• _WHAT IS REQUIRED_
Go through the listing below and output exactly the line with "이러한 최대 실적 달성의", the line with "小島聡のラリアットでフォール勝ちし、退場時は小島聡の入場曲がかかる。ぜひとも実現を期待したい。#小島軍 #小島聡 #タイチ", and each line between; omit the rest.

• _RECORDS FOR THE TASK_
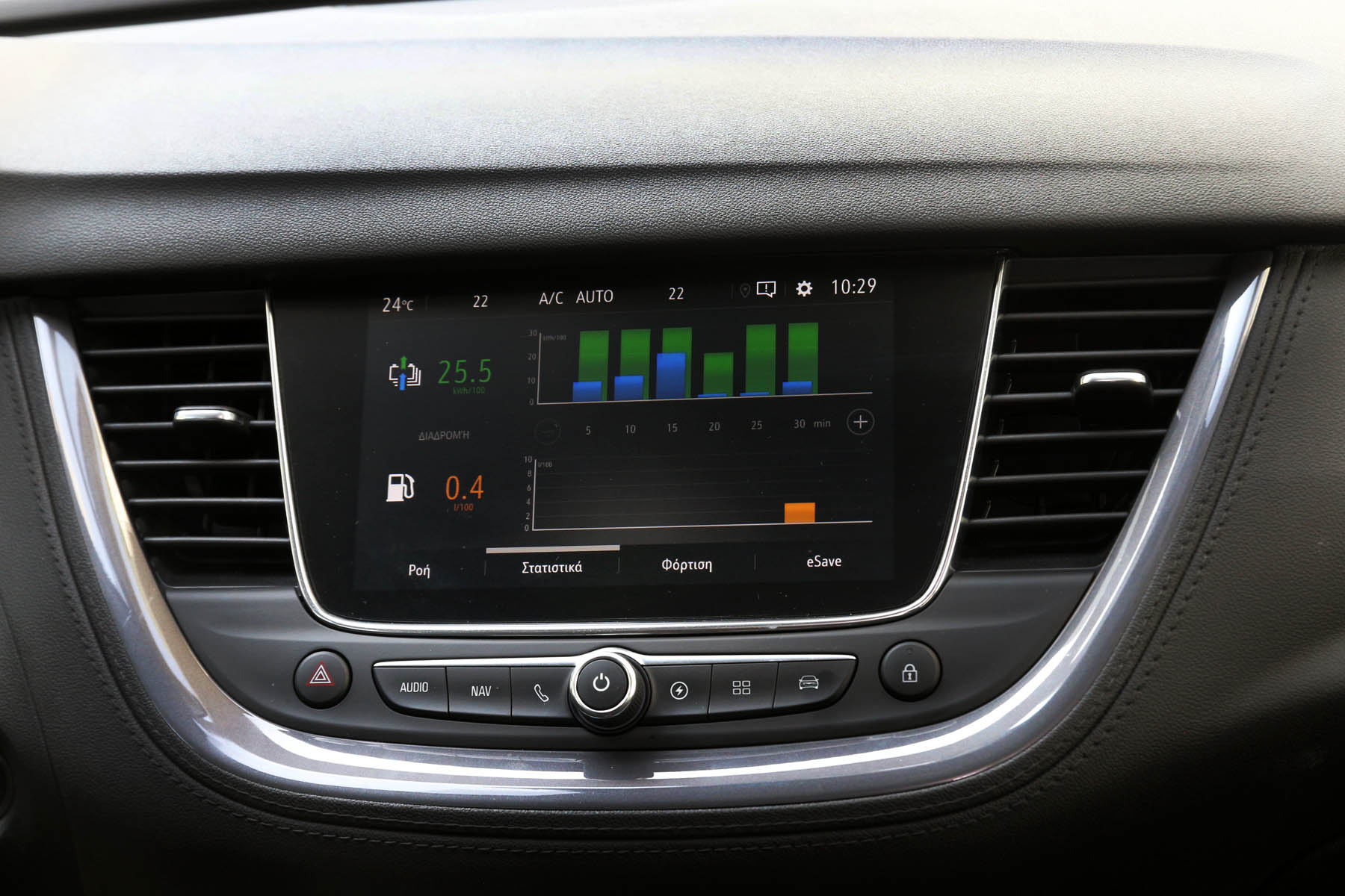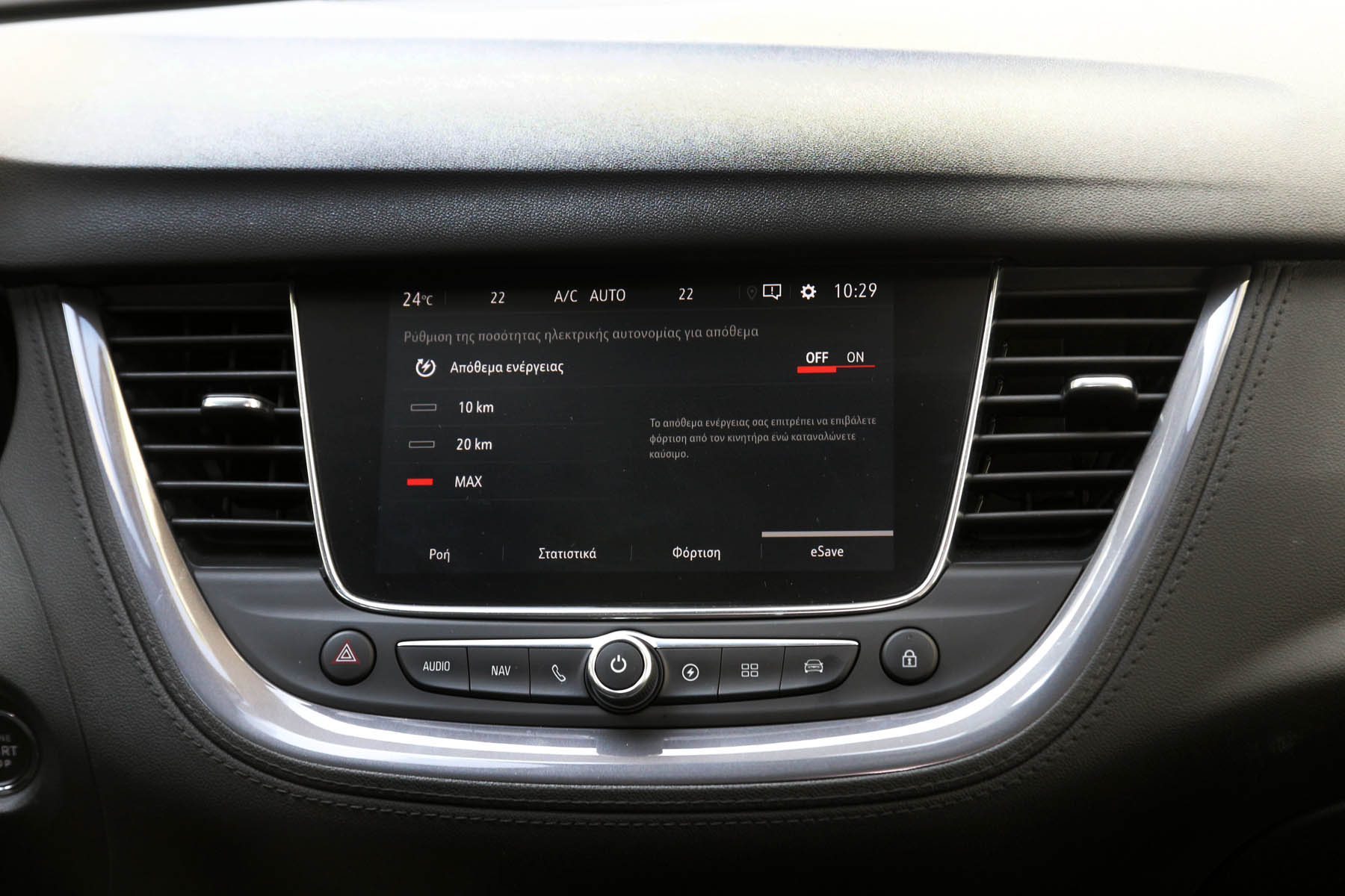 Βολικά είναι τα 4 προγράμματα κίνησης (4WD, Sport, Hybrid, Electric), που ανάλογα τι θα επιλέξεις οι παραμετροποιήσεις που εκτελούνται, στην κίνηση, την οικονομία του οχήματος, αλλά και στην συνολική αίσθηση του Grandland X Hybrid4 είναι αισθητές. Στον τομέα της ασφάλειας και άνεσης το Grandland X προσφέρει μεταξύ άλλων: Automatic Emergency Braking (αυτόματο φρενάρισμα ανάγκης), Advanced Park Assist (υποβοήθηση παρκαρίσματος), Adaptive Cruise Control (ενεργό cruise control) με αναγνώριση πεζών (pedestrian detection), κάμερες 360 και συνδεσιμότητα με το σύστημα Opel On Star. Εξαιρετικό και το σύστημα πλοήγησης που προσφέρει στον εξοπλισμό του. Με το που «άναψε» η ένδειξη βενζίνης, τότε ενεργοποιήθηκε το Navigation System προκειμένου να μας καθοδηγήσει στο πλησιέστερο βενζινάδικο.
--
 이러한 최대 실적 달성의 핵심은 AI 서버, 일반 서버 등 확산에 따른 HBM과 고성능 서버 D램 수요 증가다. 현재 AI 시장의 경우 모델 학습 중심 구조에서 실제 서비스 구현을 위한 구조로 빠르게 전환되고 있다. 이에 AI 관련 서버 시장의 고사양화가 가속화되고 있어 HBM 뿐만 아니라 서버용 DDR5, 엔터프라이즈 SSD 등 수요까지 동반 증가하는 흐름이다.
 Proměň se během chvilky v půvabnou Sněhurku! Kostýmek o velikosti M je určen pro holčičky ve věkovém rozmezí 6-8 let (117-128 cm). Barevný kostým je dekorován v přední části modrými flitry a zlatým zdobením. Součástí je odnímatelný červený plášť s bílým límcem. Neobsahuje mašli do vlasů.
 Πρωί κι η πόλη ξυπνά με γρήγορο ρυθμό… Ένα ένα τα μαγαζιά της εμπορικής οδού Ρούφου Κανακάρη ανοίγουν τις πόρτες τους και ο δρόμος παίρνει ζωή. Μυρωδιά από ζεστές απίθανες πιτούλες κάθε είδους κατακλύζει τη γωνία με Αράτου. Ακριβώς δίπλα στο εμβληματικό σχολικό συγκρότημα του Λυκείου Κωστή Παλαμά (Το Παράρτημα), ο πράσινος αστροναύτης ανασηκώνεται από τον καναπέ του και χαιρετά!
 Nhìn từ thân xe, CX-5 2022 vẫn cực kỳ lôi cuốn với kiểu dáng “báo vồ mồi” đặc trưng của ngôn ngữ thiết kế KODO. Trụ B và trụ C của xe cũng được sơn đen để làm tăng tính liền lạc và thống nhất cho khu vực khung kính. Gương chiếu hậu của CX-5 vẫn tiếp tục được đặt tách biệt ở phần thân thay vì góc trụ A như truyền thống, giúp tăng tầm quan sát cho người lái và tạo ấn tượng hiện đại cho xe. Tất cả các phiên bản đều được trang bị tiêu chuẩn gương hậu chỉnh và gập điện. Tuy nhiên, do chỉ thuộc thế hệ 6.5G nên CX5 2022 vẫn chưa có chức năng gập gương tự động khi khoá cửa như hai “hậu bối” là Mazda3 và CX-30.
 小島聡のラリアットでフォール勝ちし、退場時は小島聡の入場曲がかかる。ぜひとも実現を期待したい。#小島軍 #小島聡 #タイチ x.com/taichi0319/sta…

• _WRITTEN RESPONSE_
 이러한 최대 실적 달성의 핵심은 AI 서버, 일반 서버 등 확산에 따른 HBM과 고성능 서버 D램 수요 증가다. 현재 AI 시장의 경우 모델 학습 중심 구조에서 실제 서비스 구현을 위한 구조로 빠르게 전환되고 있다. 이에 AI 관련 서버 시장의 고사양화가 가속화되고 있어 HBM 뿐만 아니라 서버용 DDR5, 엔터프라이즈 SSD 등 수요까지 동반 증가하는 흐름이다.
 Proměň se během chvilky v půvabnou Sněhurku! Kostýmek o velikosti M je určen pro holčičky ve věkovém rozmezí 6-8 let (117-128 cm). Barevný kostým je dekorován v přední části modrými flitry a zlatým zdobením. Součástí je odnímatelný červený plášť s bílým límcem. Neobsahuje mašli do vlasů.
 Πρωί κι η πόλη ξυπνά με γρήγορο ρυθμό… Ένα ένα τα μαγαζιά της εμπορικής οδού Ρούφου Κανακάρη ανοίγουν τις πόρτες τους και ο δρόμος παίρνει ζωή. Μυρωδιά από ζεστές απίθανες πιτούλες κάθε είδους κατακλύζει τη γωνία με Αράτου. Ακριβώς δίπλα στο εμβληματικό σχολικό συγκρότημα του Λυκείου Κωστή Παλαμά (Το Παράρτημα), ο πράσινος αστροναύτης ανασηκώνεται από τον καναπέ του και χαιρετά!
 Nhìn từ thân xe, CX-5 2022 vẫn cực kỳ lôi cuốn với kiểu dáng “báo vồ mồi” đặc trưng của ngôn ngữ thiết kế KODO. Trụ B và trụ C của xe cũng được sơn đen để làm tăng tính liền lạc và thống nhất cho khu vực khung kính. Gương chiếu hậu của CX-5 vẫn tiếp tục được đặt tách biệt ở phần thân thay vì góc trụ A như truyền thống, giúp tăng tầm quan sát cho người lái và tạo ấn tượng hiện đại cho xe. Tất cả các phiên bản đều được trang bị tiêu chuẩn gương hậu chỉnh và gập điện. Tuy nhiên, do chỉ thuộc thế hệ 6.5G nên CX5 2022 vẫn chưa có chức năng gập gương tự động khi khoá cửa như hai “hậu bối” là Mazda3 và CX-30.
 小島聡のラリアットでフォール勝ちし、退場時は小島聡の入場曲がかかる。ぜひとも実現を期待したい。#小島軍 #小島聡 #タイチ x.com/taichi0319/sta…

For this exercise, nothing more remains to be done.